BEGIN Provided material
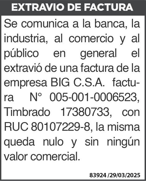 lunes 31 de marzo de 2.025 en el local social de la firma, sito en la avenida Carlos A. López Ciudad del Este, con el objeto de considerar el siguiente, orden del día: 1-Lectura y consideración de la memoria del directorio, balance general, estado de resultado, estado de flujo de efectivo, estado de variación del patrimonio neto, y anexo, de informe del síndico correspondiente al ejercicio económico cerrado el 31 de diciembre de 2024. 2-Elección de miembro del directorio y síndico titular para el año 2.025, y sus remuneraciones. 3-Destino de las utilidades. 4-Designación de accionistas para suscribir el acta, juntamente con el presidente y secretario de asamblea. NOTA: Se recuerda a los Señores Accionistas lo dispuesto en los Artículos Nº 1.084 y 1.085 del Código Civil y el Artículo Nº 26 de los Estatutos Sociales. EL Directorio. 83362 -25/03/2025ASAMBLEA GENERAL ORDINARIA. En cumplimiento de disposiciones legales vigentes, y de conformidad con lo prescrito por el Artículo Nº 23 de los Estatutos Sociales, el Directorio de PT SOCIEDAD ANÓNIMA convoca a los Señores Accionistas de la entidad a Asamblea General Extraordinaria de Accionistas para las 10:00 horas del día lunes 31 de marzo de 2.025 en el local social de la firma, sito en la Avenida Petirossi, Asunción, con el objeto de considerar el siguiente, orden del día: 1-Nombramiento de Secretario de Actas. 2-Disolución y Liquidación anticipada de la Sociedad por disposición de la Ley 6399, Resol.418. 3-Aprobación de la gestión del Liquidador de la Sociedad. 4-Designación de un accionista para realizar las gestiones relacionadas con su liquidación. El Directorio. 83363 -25/03/2025-
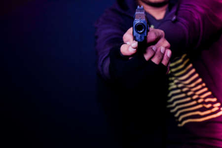 asian man holds a gun. Gun in his hand from the back isolated on black background.
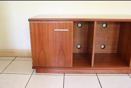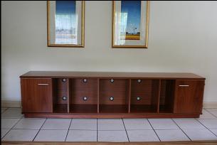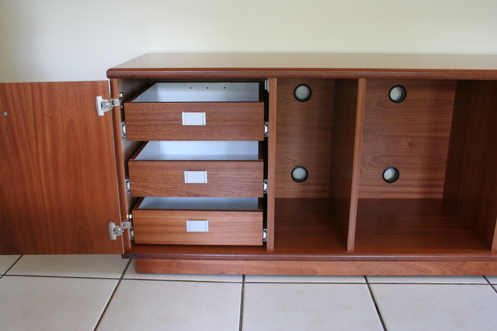 Its build out of Crown Mahogany with drawers behind doors giving it a very clean look. The whole cabinet rests on 8 castors making it easy to get behind the cabinet to sort out wiring.
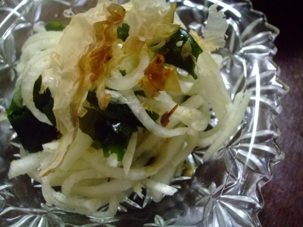 大根は皮を剥き、厚さ5mmの細切りにします
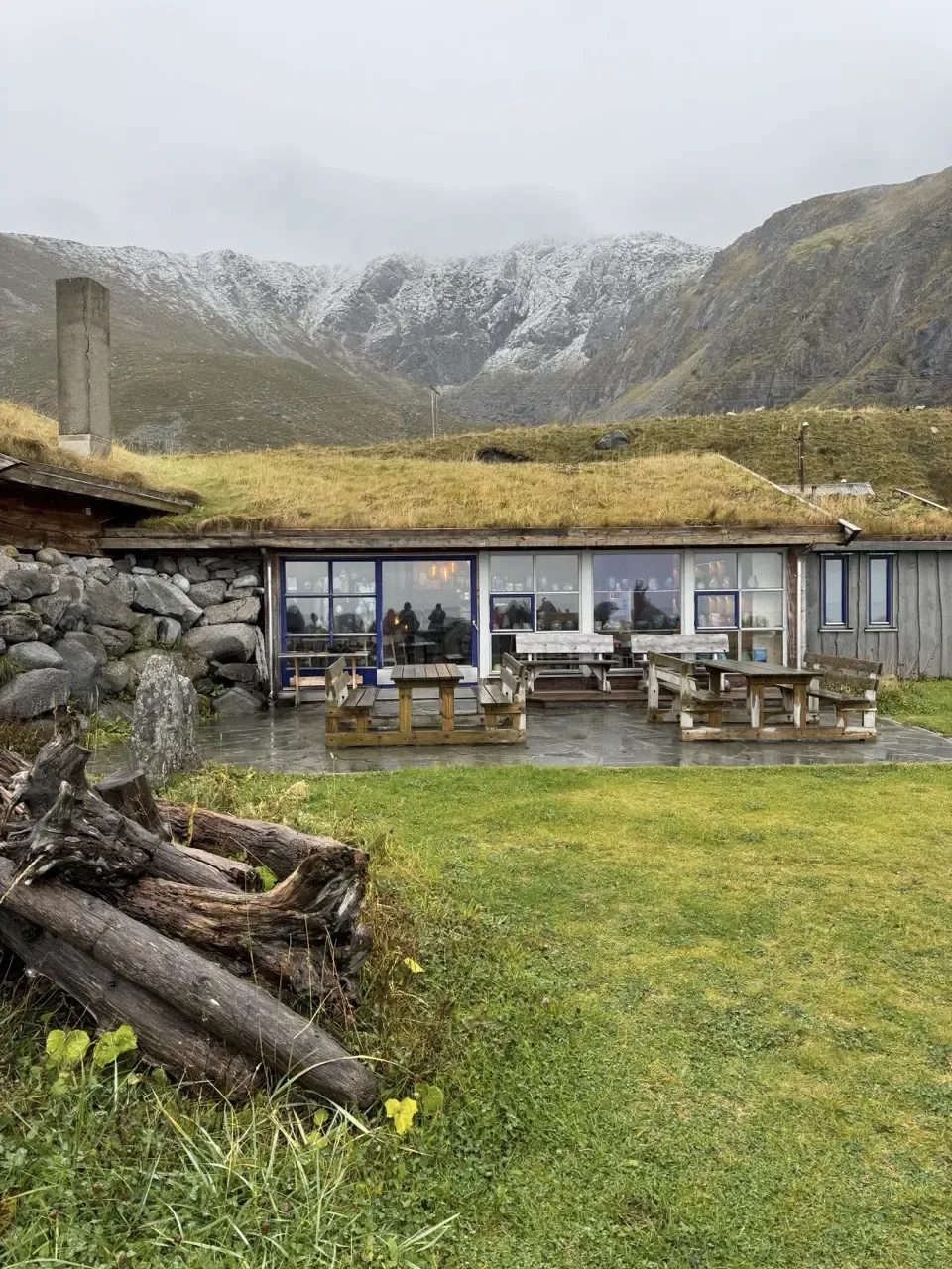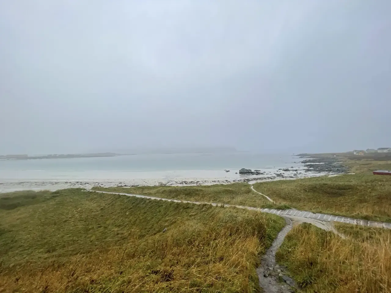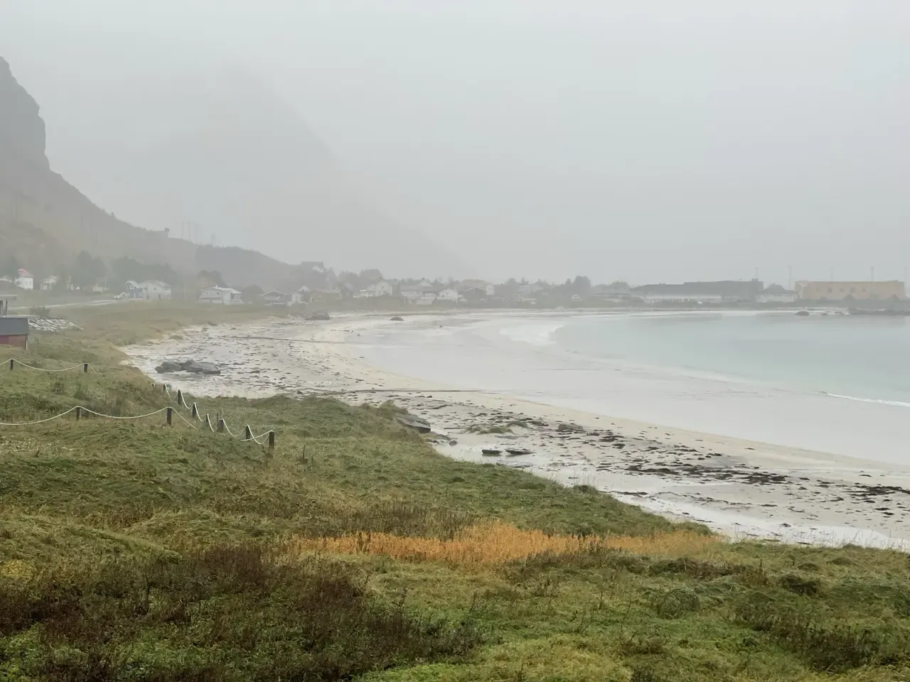 Weiter ging es zum Strand von Ramberg , einem der bekanntesten Sandstrände der Lofoten. Der Kontrast aus weißem Sand, türkisblauem Wasser und den schroffen, grünen Bergen im Hintergrund ist wirklich atemberaubend. Kein Wunder, dass hier oft Fotos für Reisekataloge entstehen. Ramberg selbst ist ein kleiner Ort mit einem Supermarkt, Café und – ganz wichtig – einer öffentlichen Toilette 😄 Leider wollte das Wetter bei unserem Besuch nicht mitspielen.
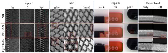 CycleGAN-based methods are leading the way in defect synthesis. To verify the advantages of MDGAN over other methods, CycleGANs were trained on the above datasets. To help CycleGAN retain the normal background, we added a L1 loss between the input and output to the original losses []. Some of results generated by CycleGAN and MDGAN based on the same backgrounds are shown in Figure 9. Despite the addition of the L1 loss, CycleGAN still modified the normal backgrounds, and it could convert the input normal images into defect images for the zipper-fi, zipper-sqt, zipper-spt, and grid-broken. Moreover, there were stretches and artifacts in the generated results of the capsule and phone band. This indicated that CycleGAN could only convert the source image into the most similar target image seen during the training for few-sample datasets, resulting in either a failed generation or loss of structures in the source image. In contrary, MDGAN generated realistic defect images for each category of input normal backgrounds and retained the original normal textures.
END Provided material
**Work item**
Retype all the data exactly; skip the pictures.

**Worked solution**
 lunes 31 de marzo de 2.025 en el local social de la firma, sito en la avenida Carlos A. López Ciudad del Este, con el objeto de considerar el siguiente, orden del día: 1-Lectura y consideración de la memoria del directorio, balance general, estado de resultado, estado de flujo de efectivo, estado de variación del patrimonio neto, y anexo, de informe del síndico correspondiente al ejercicio económico cerrado el 31 de diciembre de 2024. 2-Elección de miembro del directorio y síndico titular para el año 2.025, y sus remuneraciones. 3-Destino de las utilidades. 4-Designación de accionistas para suscribir el acta, juntamente con el presidente y secretario de asamblea. NOTA: Se recuerda a los Señores Accionistas lo dispuesto en los Artículos Nº 1.084 y 1.085 del Código Civil y el Artículo Nº 26 de los Estatutos Sociales. EL Directorio. 83362 -25/03/2025ASAMBLEA GENERAL ORDINARIA. En cumplimiento de disposiciones legales vigentes, y de conformidad con lo prescrito por el Artículo Nº 23 de los Estatutos Sociales, el Directorio de PT SOCIEDAD ANÓNIMA convoca a los Señores Accionistas de la entidad a Asamblea General Extraordinaria de Accionistas para las 10:00 horas del día lunes 31 de marzo de 2.025 en el local social de la firma, sito en la Avenida Petirossi, Asunción, con el objeto de considerar el siguiente, orden del día: 1-Nombramiento de Secretario de Actas. 2-Disolución y Liquidación anticipada de la Sociedad por disposición de la Ley 6399, Resol.418. 3-Aprobación de la gestión del Liquidador de la Sociedad. 4-Designación de un accionista para realizar las gestiones relacionadas con su liquidación. El Directorio. 83363 -25/03/2025-
 asian man holds a gun. Gun in his hand from the back isolated on black background.
 Its build out of Crown Mahogany with drawers behind doors giving it a very clean look. The whole cabinet rests on 8 castors making it easy to get behind the cabinet to sort out wiring.
 大根は皮を剥き、厚さ5mmの細切りにします
 Weiter ging es zum Strand von Ramberg , einem der bekanntesten Sandstrände der Lofoten. Der Kontrast aus weißem Sand, türkisblauem Wasser und den schroffen, grünen Bergen im Hintergrund ist wirklich atemberaubend. Kein Wunder, dass hier oft Fotos für Reisekataloge entstehen. Ramberg selbst ist ein kleiner Ort mit einem Supermarkt, Café und – ganz wichtig – einer öffentlichen Toilette 😄 Leider wollte das Wetter bei unserem Besuch nicht mitspielen.
 CycleGAN-based methods are leading the way in defect synthesis. To verify the advantages of MDGAN over other methods, CycleGANs were trained on the above datasets. To help CycleGAN retain the normal background, we added a L1 loss between the input and output to the original losses []. Some of results generated by CycleGAN and MDGAN based on the same backgrounds are shown in Figure 9. Despite the addition of the L1 loss, CycleGAN still modified the normal backgrounds, and it could convert the input normal images into defect images for the zipper-fi, zipper-sqt, zipper-spt, and grid-broken. Moreover, there were stretches and artifacts in the generated results of the capsule and phone band. This indicated that CycleGAN could only convert the source image into the most similar target image seen during the training for few-sample datasets, resulting in either a failed generation or loss of structures in the source image. In contrary, MDGAN generated realistic defect images for each category of input normal backgrounds and retained the original normal textures.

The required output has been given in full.